I eventually got in, after having to yell at the top of my lungs just to be heard over the deafening thump-thump-thump of the crap that passes for dance music nowadays. Upon entering my apartment, I closed all the windows (not very comfortable being that it was a fairly warm day and I don't have air-conditioning) and promptly put in earplugs, which was no help. I could still hear the crap dance music and feel the thumping vibrating my entire apartment building!

I feel sorry for the poor disabled people who live in my neighborhood that, because of physical disabilities, can't leave their apartments! What a selfish, obnoxious bunch of assholes the LGBT community is!

I mean, really, how is this different than the religious "right" pushing their hate on us? I realize it is only one weekend a year, but think about all the money wasted on this ridiculous display of irresponsible behavior! I have never seen so many drugged out drunken idiots in one place before (no, I've never been to Burning Man)!

Watching my fellow LGBT members carelessly trashing my neighborhood, sneaking in to my building to do their drugs so they can go back out and continue to act like fools. Quite frankly, it's displays like this that make the rest of the world despise the LGBT community.

It's certainly not improving our reputation. And just think about the money wasted on this event, not just in setting it up, staffing it, etc., but also in cleaning the mess up. Street cleaners are out their all night cleaning up after all you thoughtless slobs who trashed the Civic Center area.

It's disgusting selfish thoughtless displays like this that make me ashamed to be a gay man! I think we need to rethink Pride and start doing something to celebrate our LGBT community that actually helps the incredibly sad state of the planet and all the people (and creatures) on it, something that we can actually be proud of!

Grow up LGBT community!

 

William Heaton

San Francisco

An idea for corporations and Pride

I am sure there will be loads of discussion about the sheer size of the corporate contingents in this year's Pride parade. Something is changing in that it is not LGBT employees marching to prove and improve their and our rights, but for the companies to market their brand.

This is good and bad. One of the tech companies, in explaining what they do, discussed their work for Proctor and Gamble and other similar multinational companies.

Here is my suggestion for the 1,500 Apple whomevers in their white T-shirts for next year. Why doesn't Apple help Pride organize Apple and other tech companies into groups of 20 to go join every community-based contingent?

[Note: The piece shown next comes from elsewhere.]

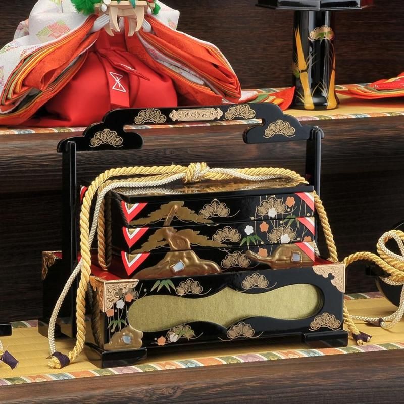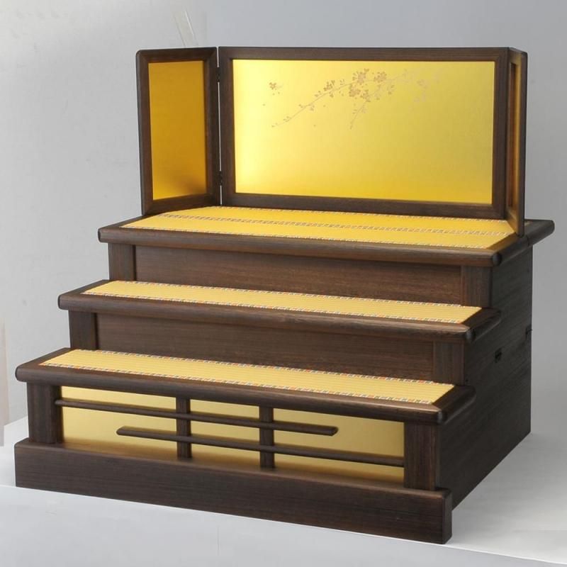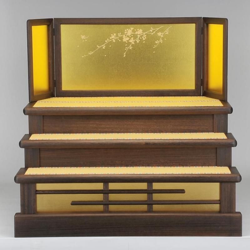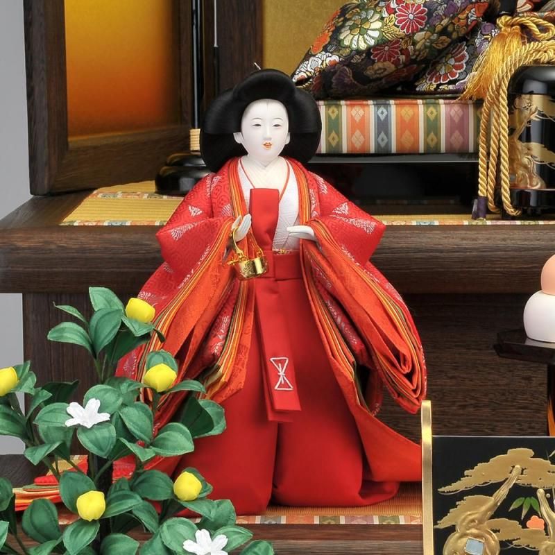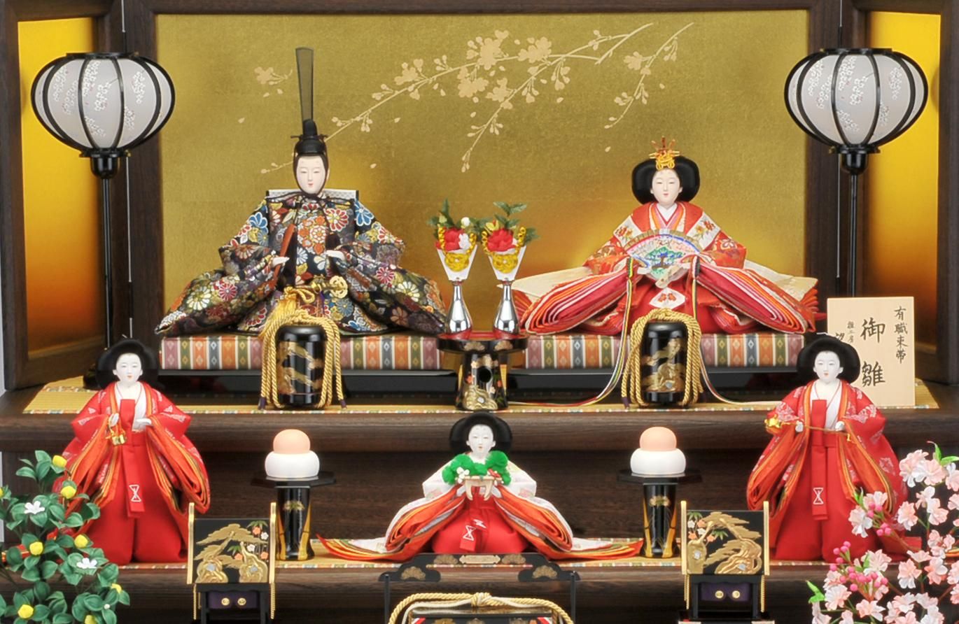 鉾山車風のお道具が豪華な印象を与えます。細部までこだわった職人の心意気が感じられる高級感漂う三段飾りセットです。

Get to know the community, and possibly even all our tech needs, perhaps starting with Pride. Glad you are here in such great numbers - now mingle with us! We won't bite, unless you want us to.

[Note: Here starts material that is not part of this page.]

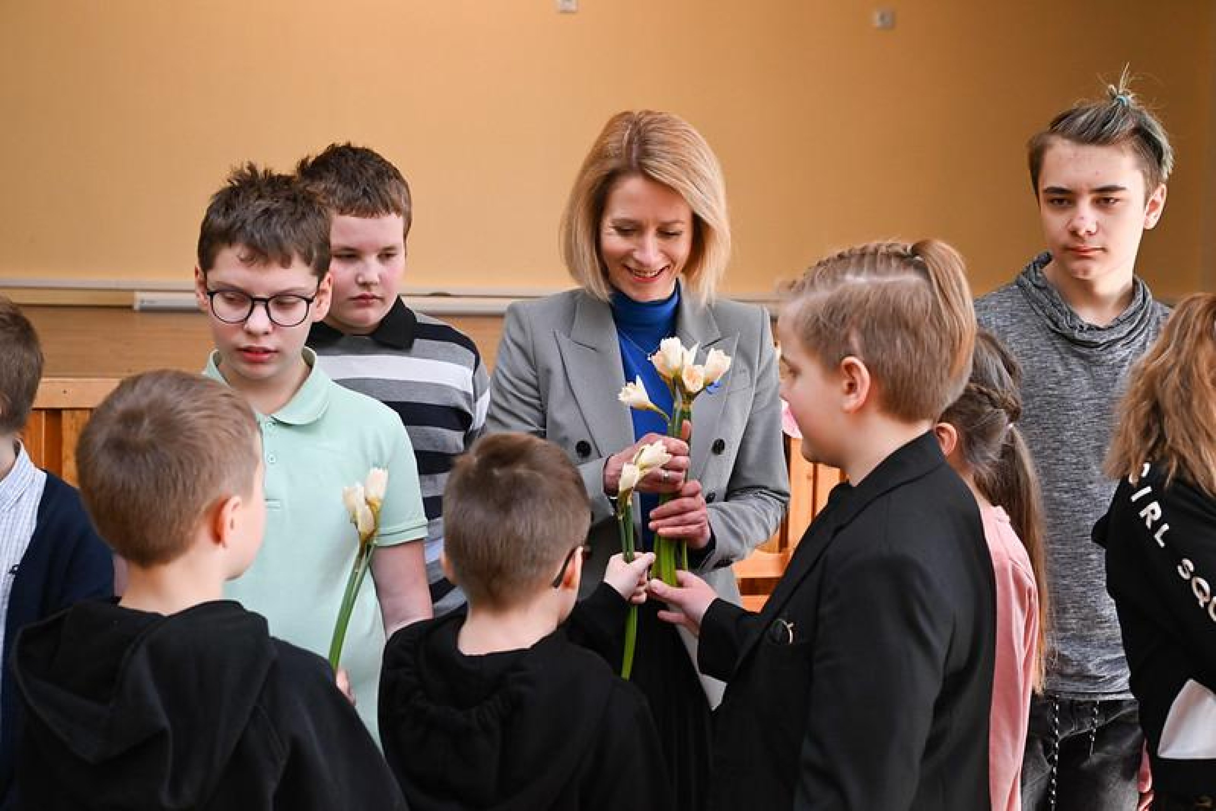 6b klassi õpilane Lisete Siimon oli väärikas õpilasgiid, kes tutvustas meie kooli, meie väärtusi. Tegime koos peaministriga koolimajas ringkäigu. Külastasime paar tundi, näitasime oma õpilaste ühistööna valminud Kevade ja Talve raamatuid.

And where were the labor groups? At least I didn't see a lot of them, and the ones I did were way at the end. Don't the transit workers want to up their images?  

 

Charlie Spiegel 

San Francisco

 

Boos for Wiener at Frameline

During Frameline's screening of the film Folsom Forever at the Victoria Theatre Sunday, June 22, a very interesting thing happened. The documentary has a series of interviews with local figures. When several appeared, such as Race Bannon, Audrey Joseph, Danny Williams, and Jack Fischer, there was applause. When San Francisco Supervisor Scott Wiener appeared on screen, the audience booed and hissed. 

Many in our community see Scott as a traitor to the gay community. They see him as the gay man who is there to keep the other gay men in line in behest of the real estate interests who want the nasty, naked, sex-positive gay men to go away. 

The funny thing is that Scott is running unopposed for a second term in District 8, the real estate interests are winning, and you can't get a one-bedroom apartment in the Castro for under $3,000 a month. New glass buildings that few can afford are rising in every space they can find. 

Many see this as the death of Harvey Milk's dream; we are now being oppressed by our own out, gay supervisor and no one cares enough to run against him. It saddens me to think that San Francisco is like much of America; we support the politician who is sold to us by the highest bidder.